The container loops with this error.

So if it is not clear (it was not for me...), you have to upgrade your Pi OS and install a backport of the lib then reboot:
home-assistant/core#52855 (comment)

The advice has changed, slightly, because it now depends on whether you are running Raspbian Buster or Bullseye. The updated doco is currently here. When PR440 is applied, that will move into the official Getting Started document.

It's really kinda important not to make the mistake of applying the libseccomp2 patch to Bullseye because you just wind up with a broken mess and have to start over.

@Paraphraser thanks . I got lucky in applying patch 2 having that distro.
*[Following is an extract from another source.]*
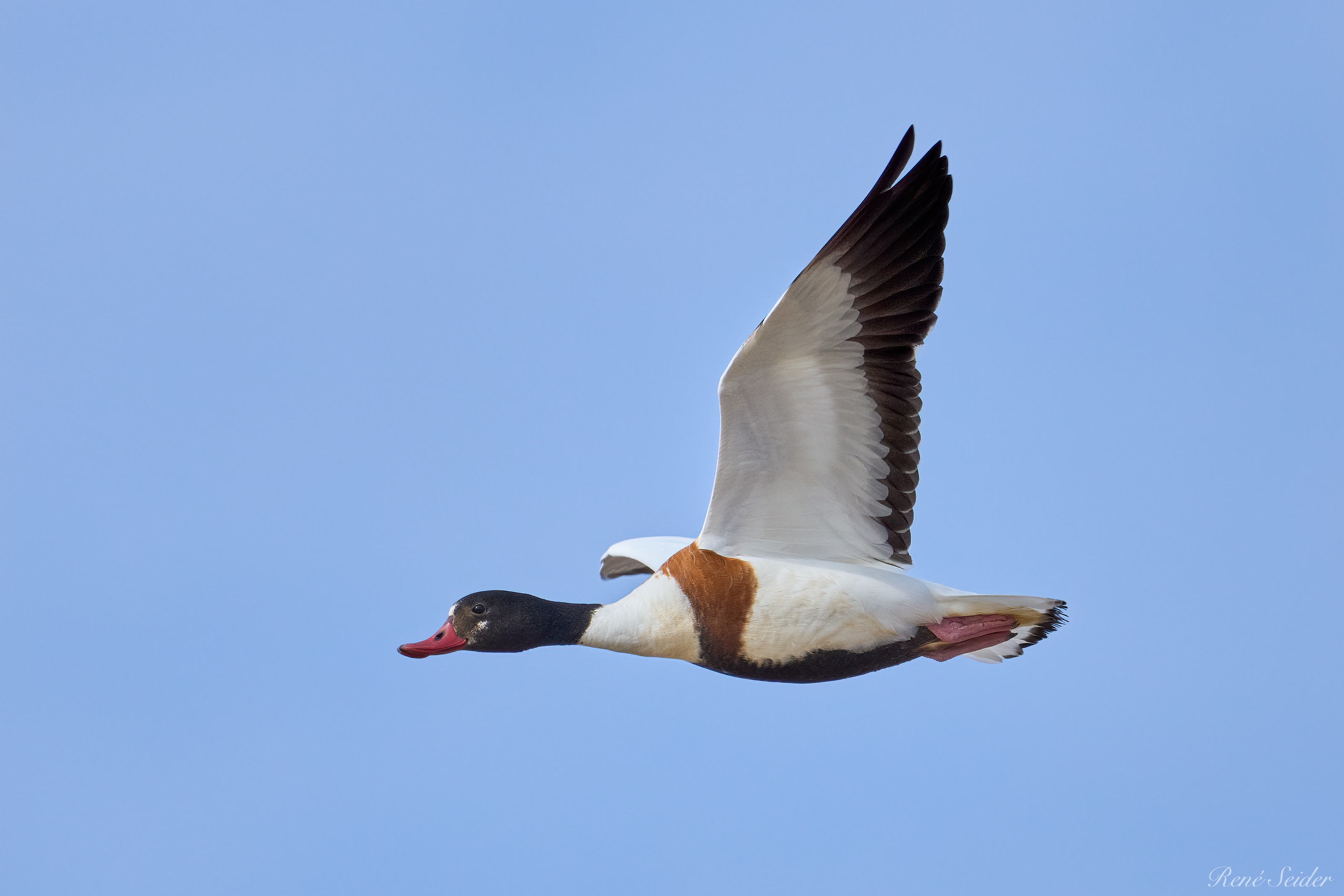 Die Brandgans ist eine Art aus der Familie der Entenvögel, die zur Unterfamilie der Halbgänse gehört. Brandgänse erreichen ausgewachsen eine Körperlänge von 58 bis 67 cm und haben eine Flügelspannweite von 110 bis 133 cm. Das Gewicht schwankt sehr stark. Die Art hat eine gänseartige Gestalt und ist auf Grund der auffallend kontrastreichen Färbung des Gefieders unverwechselbar. Durch die Gefiederfärbung besteht zwar eine entfernte Ähnlichkeit mit der Löffelente, die Größe der Brandgans, ihre Langbeinigkeit sowie ihre Körperhaltung und ihr kurzer Schnabel schließen jedoch aus, dass sie mit dieser Ente verwechselt werden kann. Quelle: Wikipedia

For the first patch, it seems I already had somehow "fixed it" by forcing the restart of dhcpcd every time it went down for the eth0 interface... (#bruteforce):

# crontab 
# */5 * * * * /home/pi/checknetworkup.sh
# checknetworkup.sh
#!/bin/bash

ip link show | grep eth0 | egrep -q 'UP,LOWER_UP.* state UP'
if [[ $? -eq 0 ]] ; then
#  echo "checknetworkup test... all fine !"
  exit 0
else
  echo "checknetworkup test... eth0 not up, here is the current state:"
  echo "checknetworkup : $(ip link show | egrep 'UP,LOWER_UP.* state UP')"
  echo "checknetworkup test... eth0 not up, restarting dhcpcd..."
  sudo systemctl restart dhcpcd
  echo "checknetworkup test... restarted."
fi

I did it slightly differently - see gist.

The title is slightly misleading - implies WiFi - but also works for eth. I have this on all my systems. If a system doesn't have eth0 active, I just comment out that line.